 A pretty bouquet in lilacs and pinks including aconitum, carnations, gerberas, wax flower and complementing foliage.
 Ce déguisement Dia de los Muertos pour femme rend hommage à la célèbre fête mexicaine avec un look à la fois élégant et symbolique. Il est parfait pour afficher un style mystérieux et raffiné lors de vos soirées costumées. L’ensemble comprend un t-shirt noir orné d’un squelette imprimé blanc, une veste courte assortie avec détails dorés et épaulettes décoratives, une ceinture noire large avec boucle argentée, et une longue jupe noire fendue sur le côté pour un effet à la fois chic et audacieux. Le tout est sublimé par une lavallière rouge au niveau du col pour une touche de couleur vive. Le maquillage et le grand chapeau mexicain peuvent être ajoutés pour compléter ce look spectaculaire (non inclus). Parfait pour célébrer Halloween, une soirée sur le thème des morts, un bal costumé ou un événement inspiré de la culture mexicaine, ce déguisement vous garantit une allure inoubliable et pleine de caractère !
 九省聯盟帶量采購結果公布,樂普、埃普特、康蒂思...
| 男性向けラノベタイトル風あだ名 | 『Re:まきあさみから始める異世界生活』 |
...
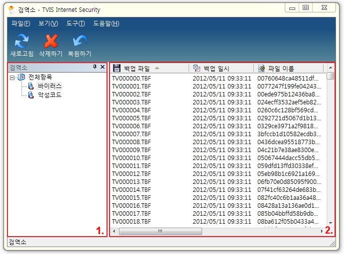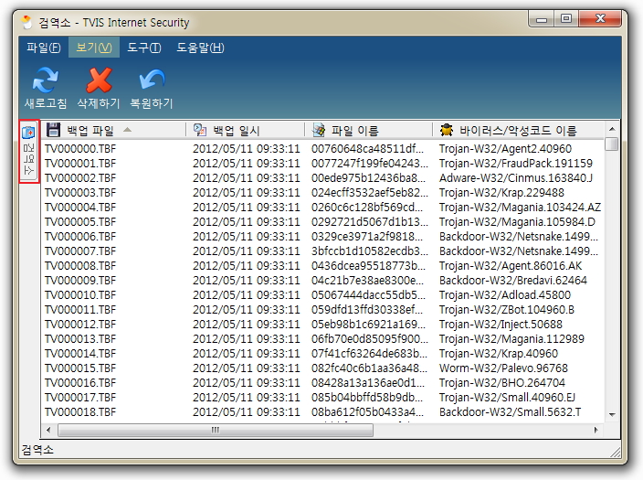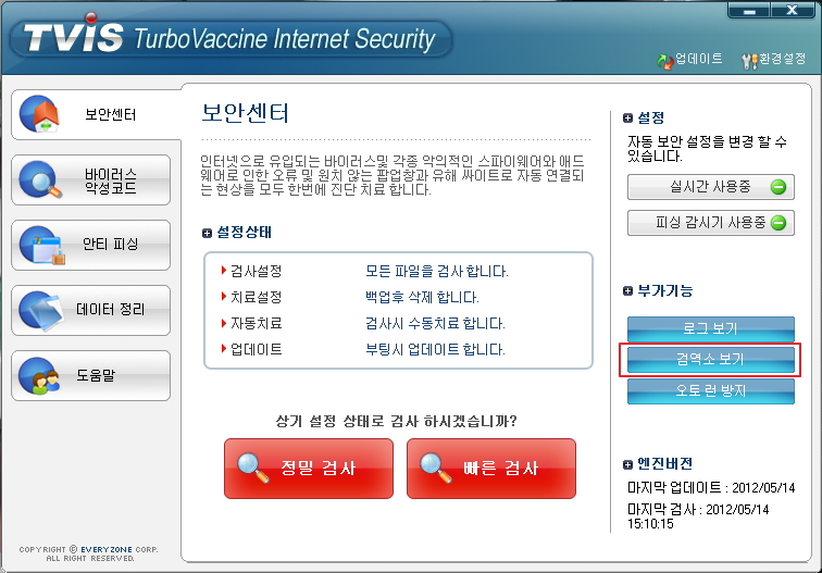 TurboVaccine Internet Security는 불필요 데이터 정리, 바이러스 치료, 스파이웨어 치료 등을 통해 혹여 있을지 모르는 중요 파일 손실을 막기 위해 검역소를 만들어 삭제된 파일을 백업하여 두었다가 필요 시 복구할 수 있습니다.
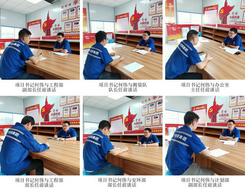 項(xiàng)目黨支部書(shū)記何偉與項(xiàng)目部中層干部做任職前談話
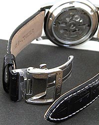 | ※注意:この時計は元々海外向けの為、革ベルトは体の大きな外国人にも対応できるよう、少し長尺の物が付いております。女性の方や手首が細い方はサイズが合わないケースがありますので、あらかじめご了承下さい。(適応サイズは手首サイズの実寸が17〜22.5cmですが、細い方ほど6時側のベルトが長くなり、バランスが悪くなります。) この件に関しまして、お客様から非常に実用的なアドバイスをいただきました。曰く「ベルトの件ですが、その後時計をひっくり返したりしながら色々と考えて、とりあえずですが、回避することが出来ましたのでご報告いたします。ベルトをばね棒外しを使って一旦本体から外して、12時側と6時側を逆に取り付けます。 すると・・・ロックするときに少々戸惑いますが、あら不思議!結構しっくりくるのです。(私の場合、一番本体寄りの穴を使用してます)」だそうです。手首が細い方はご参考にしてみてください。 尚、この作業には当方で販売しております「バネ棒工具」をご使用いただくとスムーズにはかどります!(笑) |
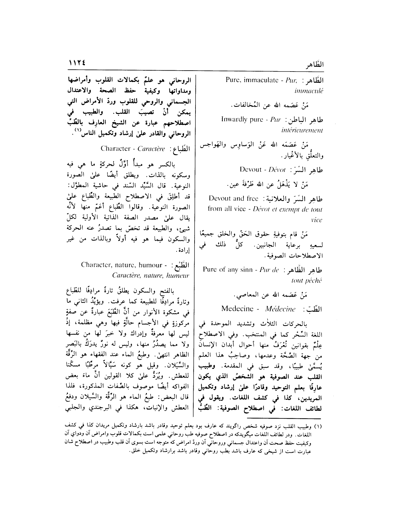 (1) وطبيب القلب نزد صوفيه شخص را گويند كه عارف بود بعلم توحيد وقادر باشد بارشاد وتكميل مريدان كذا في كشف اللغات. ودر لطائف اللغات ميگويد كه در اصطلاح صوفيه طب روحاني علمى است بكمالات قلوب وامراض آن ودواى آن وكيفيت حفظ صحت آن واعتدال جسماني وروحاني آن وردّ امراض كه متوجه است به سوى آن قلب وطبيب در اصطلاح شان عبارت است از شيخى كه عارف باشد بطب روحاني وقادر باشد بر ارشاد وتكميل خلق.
* * *
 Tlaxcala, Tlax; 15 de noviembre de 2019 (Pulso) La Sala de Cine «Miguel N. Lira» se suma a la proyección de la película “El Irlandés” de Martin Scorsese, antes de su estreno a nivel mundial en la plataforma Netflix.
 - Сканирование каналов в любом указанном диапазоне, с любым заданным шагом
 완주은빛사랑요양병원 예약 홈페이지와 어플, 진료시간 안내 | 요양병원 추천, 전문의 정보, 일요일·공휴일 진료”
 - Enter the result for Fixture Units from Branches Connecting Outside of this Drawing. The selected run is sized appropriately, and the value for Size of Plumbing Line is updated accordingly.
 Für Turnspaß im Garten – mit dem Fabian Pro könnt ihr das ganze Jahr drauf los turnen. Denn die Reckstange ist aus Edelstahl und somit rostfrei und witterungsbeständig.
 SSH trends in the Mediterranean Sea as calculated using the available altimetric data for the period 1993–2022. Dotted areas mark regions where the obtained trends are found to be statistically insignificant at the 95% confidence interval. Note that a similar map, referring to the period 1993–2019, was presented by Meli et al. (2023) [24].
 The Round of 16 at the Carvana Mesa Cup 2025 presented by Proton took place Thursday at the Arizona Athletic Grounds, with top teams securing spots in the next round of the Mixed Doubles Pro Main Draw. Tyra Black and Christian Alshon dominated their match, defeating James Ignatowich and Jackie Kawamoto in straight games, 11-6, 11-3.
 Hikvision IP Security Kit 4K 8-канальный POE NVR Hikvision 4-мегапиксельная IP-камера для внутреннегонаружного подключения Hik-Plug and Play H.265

● TASK STATEMENT: Please transcribe exactly the lines above from the line that has "완주은빛사랑요양병원 예약 홈페이지와" up to and including the line that has "- Enter the"; no other line belongs in the answer.

● TASK OUTPUT:
 완주은빛사랑요양병원 예약 홈페이지와 어플, 진료시간 안내 | 요양병원 추천, 전문의 정보, 일요일·공휴일 진료”
 - Enter the result for Fixture Units from Branches Connecting Outside of this Drawing. The selected run is sized appropriately, and the value for Size of Plumbing Line is updated accordingly.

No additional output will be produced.